無線LANを暗号化するための技術としてはTKIPとAESがよく知られていますが、この2つの技術はセキュリティ強度に差があります。より安全なネットワーク環境を構築するために、両者の違いを理解しておきましょう。

本記事では、TKIPとAESの違いや、TKIPの問題点、AESのメリットについて解説します。

目次

1. TKIPとAESの違い

TKIPとAESの主な違いは、セキュリティの強度と処理速度です。AESはTKIPよりも速く安全に暗号化を実現します。TKIPやAESの暗号化技術は、無線LANのセキュリティプロトコルの進化とともに導入されてきました。無線LANのセキュリティプロトコルには、次の4種類があります。

無線LANのセキュリティは、初期のWEPから始まり、脆弱性を改善するためにWPA、WPA2、そして最新のWPA3へと進化しています。

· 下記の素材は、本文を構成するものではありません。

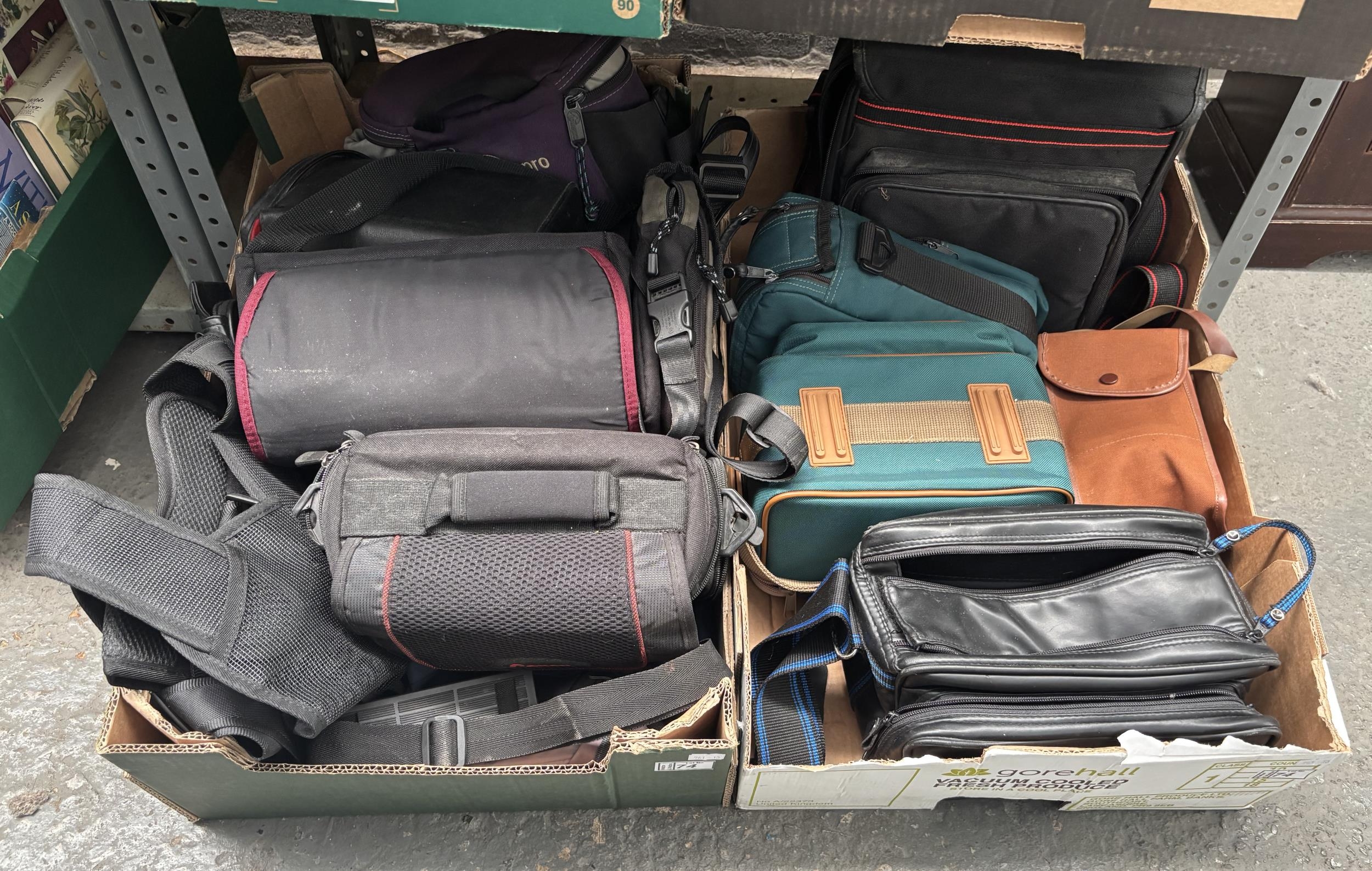 2 Boxes containing assorted camera bags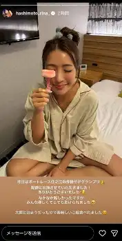 橋本梨菜 ナマ脚パジャマ姿でのベッド・ショットを公開し「大阪に泊まりだったので…」

それぞれのプロトコルにおいて、TKIPとAESが採用された背景には、技術の進化と既存機器との互換性が大きく影響しています。

WEPからWPAへ:互換性を保ちながらの改善

1997年に導入されたWEPは、当初無線LANの標準的なセキュリティ方式として利用されましたが、セキュリティ強度が低く、この脆弱性を解決するために、2003年にWPAが登場しました。WEPと同様にRC4という暗号化アルゴリズムを使用しますが、WPAでは新たな暗号化方式としてTKIP(Temporal Key Integrity Protocol)が採用されました。

TKIPは、動的な暗号化キーの生成や初期化ベクトルの拡張により安全性を高めています。
重要なのは、TKIPはRC4暗号化アルゴリズムを使い続けることで、既存のハードウェアでもソフトウェアのアップデートだけで利用できるという互換性の維持を実現した点といえます。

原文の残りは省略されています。